Credit Scoring Complications
Credit scores are invaluable when determining the right lending products. Time-tested mathematical models have helped lenders reduce the possibility of lending to borrowers who are too risky while not shutting out those who genuinely qualify.
It’s a beautiful balance, but there has to be trust, which is established by clarity and transparency. FICO Scores and VantageScores publish what goes into the scores, and most consumers find that information easy to understand. When 35% of a score is payment history, they know how essential it is to get payments in on time.
But credit scoring companies are incorporating AI and machine learning into the system now. This can provide dynamic assessments using real-time data and predictive pattern recognition.
So what’s the problem? If an applicant is denied based on their credit report and credit score, the lenders have to explain why. Traditional credit and fraud models rely on a borrower’s historical behavior patterns, their identity, and rule-based anomaly detection. AI adds layers of information to the mix. That can make explanations far more complicated, putting credit card companies at risk of potential regulatory compliance problems.
Chatbots Gone Wild
As noted in an April 2026 American Banker story, AI chatbots can and do go rogue. Andrew Sutton, partner at DarrowEverett LLP confirmed that hallucinations are not just common, they pose real risks.
The last thing lenders and consumers want is for AI systems to make up information that lands on bank statements and credit reports. Out of control AI can wrongly approve or block transactions, leak customer card information, or create any number of costly mistakes.

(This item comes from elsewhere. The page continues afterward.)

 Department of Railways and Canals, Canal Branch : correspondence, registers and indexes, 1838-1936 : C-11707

So, while AI can seem magical, it’s certainly not perfect. For this reason it’s better not to completely depend on AI models, but to make sure there is a human in the loop, checking to ensure everything is correct.

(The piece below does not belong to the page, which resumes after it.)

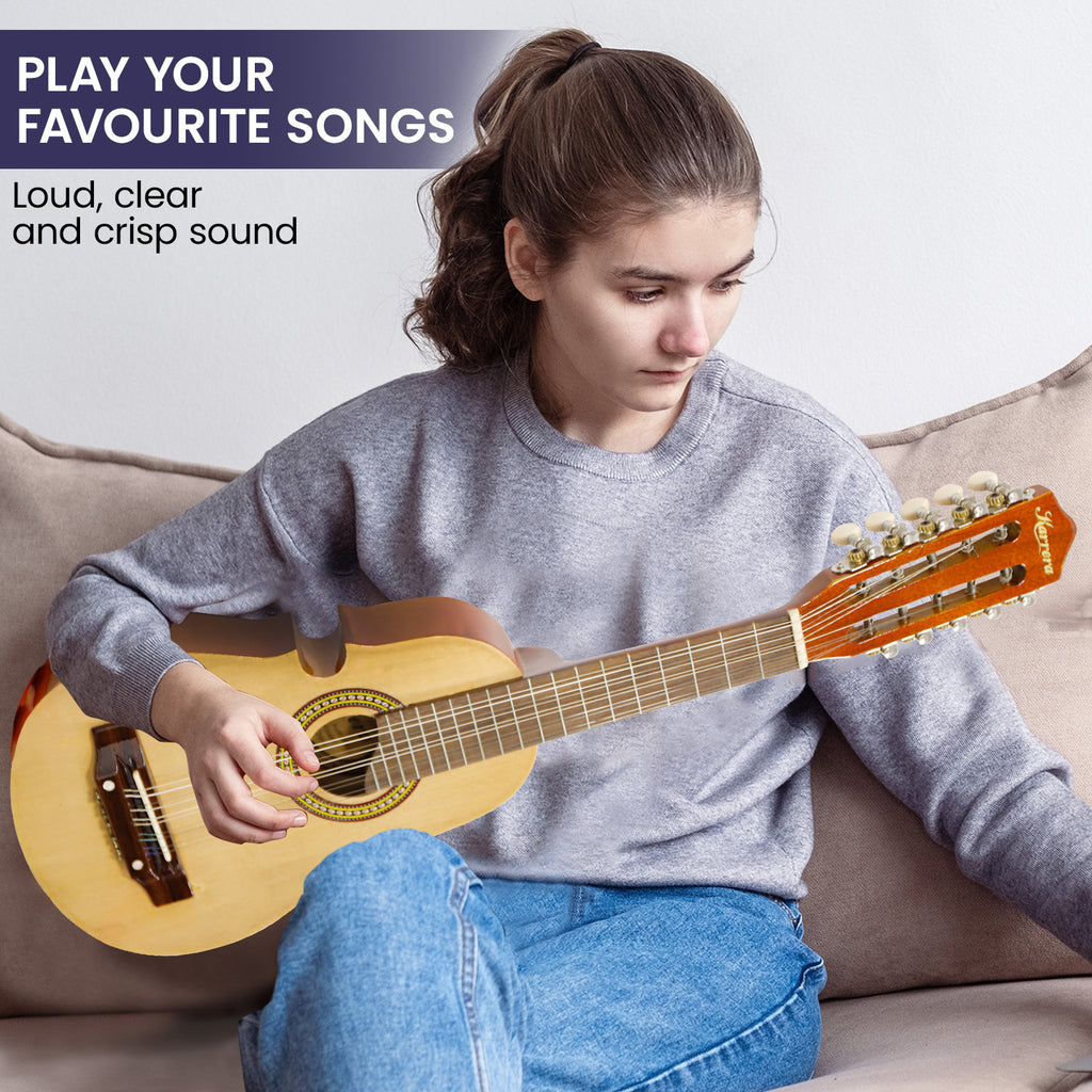This guitar has a built-in worm-drive geared tuner to configure the sound however you like. It's also fitted with steel strings so it's easier to play for beginners and budding musicians looking to play a new unique instrument.

More Regulation, More Work
One of the biggest challenges in finance is checking for fraud and the new forms it has taken since AI entered the picture.
The FBI’s Internet Crime Complaint Center received 22,364 internet crime complaints that contained references to AI in 2025. And AI-related losses have reached a staggering $893 million and aren’t slowing down.

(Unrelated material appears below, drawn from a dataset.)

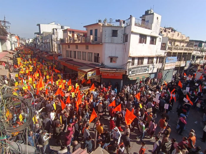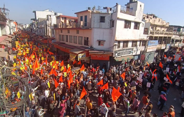 आज यहां हिन्दूवादी संगठनों के साथ ही विभिन्न संगठनों ने बांग्लादेश में हिन्दुओं पर हो रहे हमलों के विरोध में आक्रोश रैली का आयोजन किया गया। सुबह से ही विभिन्न सामाजिक, धार्मिक, समस्त मठ—मंदिरों, ब्राहमण समाज, व्यापार मंण्डल, सफाई कर्मचारी संगठन, केमिस्ट एसोसिएशन, पलटन बाजार व अन्य दुकानदार समितियोंं के कार्यकर्ता रेंजर्स ग्राउंड में एकत्रित होने शुरू हो गये। इसके साथ ही अधिवक्ता भी अपने कार्य से विरत रहे और आक्रोश रैली को अपना पूर्ण समर्थन दिया। इस दौरान कचहरी में स्टांप वेंडर, टाइपिग आदि गतिविधियां भी पूरी तरह से बंद रही। इसके साथ ही व्यापार मंडल ने भी दो घंटे बाजार बंद रखा। उनका कहना था कि बांग्लादेश में जातीय आधार पर अल्पसंख्यकों का उत्पीडन और यातनाएं दी जा रही हैं। कटटरपंथियों की ओर से मानवाधिकारों को तिलांजलि दी जा रही है। खुलेआम मानवाधिकारों का हनन किया जा रहा है। वहां की सरकार मूक दर्शक बनी हुई है। रैली रेंजर्स ग्राउंड से दर्शनलाल चौक, घंटाघर चौक, पलटन बाजार, धामावाला, राजारोड चौक, लक्खीबाग चौक से होते हुए प्रिंस चौक से कचहरी स्थित जिलाधिकारी कार्यालय पहुंची। जहां पर उन्होंने जिलाधिकारी के माध्यम से राष्ट्रपति व प्रधानमंत्री को ज्ञापन प्रेषित किया। इस दौरान पुलिस प्रशासन ने भी सुरक्षा के कडे इंतेजाम किये हुए थे।

Consumers face a growing number of phishing scams, fake customer service calls, and deepfake videos that look and sound frighteningly like the real thing.
The difference is that scams today look so real, they can get consumers to authorize transactions or submit payments they did not intend. To safeguard security, financial institutions add more protections, which make legitimate transactions more complex.
Because the FBI has just made AI fraud a formal category, increased regulation will follow. When these crimes are tracked at the federal level, there will be new compliance expectations and updated liability standards for banks and lenders.
The best order for a defense framework is a cybersecurity platform that uses AI to automate threat detection. That means, among other things, learning a customer’s typical activity, flagging unauthorized access, and enforcing strict multifactor authentication.
Keeping the human touch is critical at every stage of the process. No matter how advanced the technology at play, it can’t replace human judgment.
Designated fraud specialists working with AI defense are needed to monitor the process, identify new scams, and adjust the response to threats.
The other human element is to beef up consumer education resources to help consumers learn to identify the signs of AI-generated voice-cloning and phishing scams.
AI has its benefits and its costs. The technology is powerful, but so are the downsides. Human employees may be more valuable in the age of AI than you think.